Delayed sedimentary response to abrupt climate change at the Paleocene-Eocene boundary, northern Spain
Abstract
Sediment routing systems (SRSs) are a critical element of the global response to ongoing climate change. However SRS response to climate forcing is complex, fragmentary, and obscured when viewed over short, human time scales (10 -1 -10 2 yr). Over long time scales ( > 10 2 -10 3 yr), the aggregated, system-wide response of SRSs to climate forcing can be gleaned with more confidence from the sedimentary record, but the nature and time scales of this aggregated response to abrupt climate change are still poorly understood.

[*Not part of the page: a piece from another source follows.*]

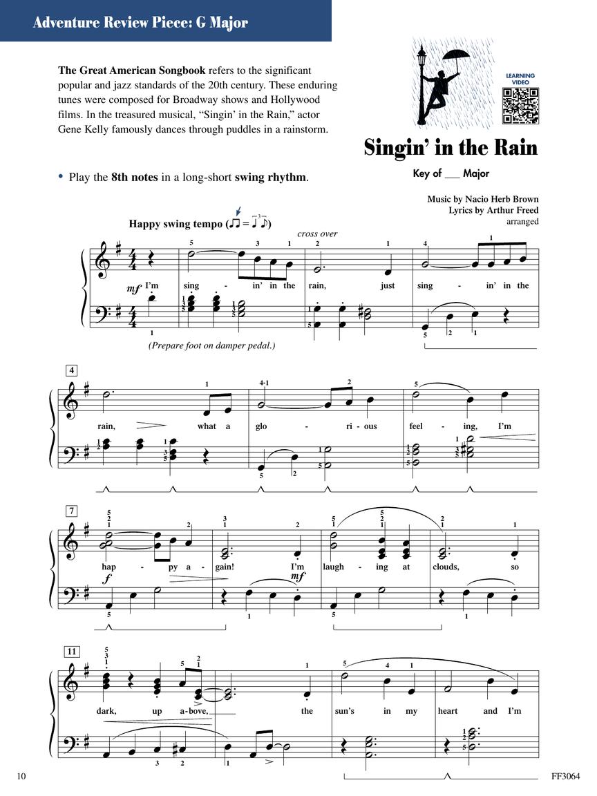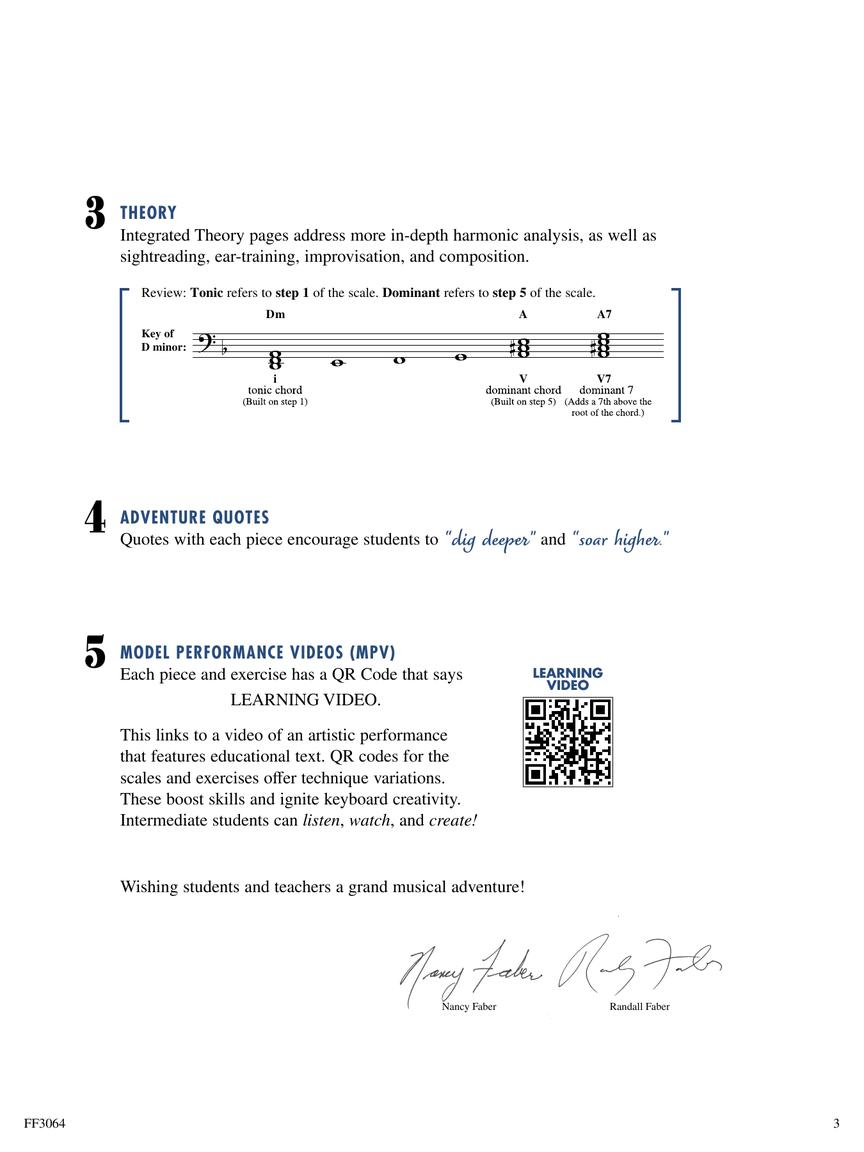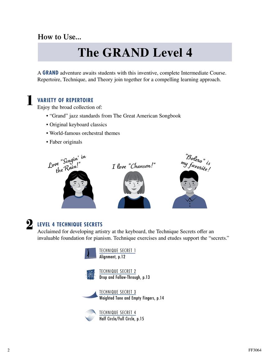 A GRAND adventure awaits! This inventive, all-in-one intermediate course combines Lessons, Technique, Theory, and Performance into a single volume, complete with digital support. New arrangements of jazz standards and world-famous orchestral themes join time-tested keyboard classics and Faber originals. Acclaimed Technique Secrets and exercises develop artistry and pianism, while integrated Theory activities build skills in harmonic analysis, sightreading, ear-training, and improvisation. QR codes provide instant access to Model Performance Videos, offering expressive demonstrations and instructive commentary. Get ready to embark on a comprehensive musical journey!

Here, we investigate the aggregated temporal response of a SRS in northern Spain to abrupt climate warming at the Paleocene-Eocene thermal maximum (PETM). Our results show that terrestrial sites in northern Spain record a temporal lag of 16.5 ± 7.5 k.y. between the onset of the PETM, defined by an abrupt negative excursion in the δ 13 C profile, and the onset of coarse-grained deposition. Within the same SRS at a deep marine site 500 km to the west, we observe a temporal lag of 16.5 ± 1.5 k.y. using an age model that is independent of that used for the terrestrial sites. These results suggest that the aggregated, system-wide response of SRSs to presentday global warming-if we take the PETM as an appropriate modern-day analogue-may persist for many millennia into the future.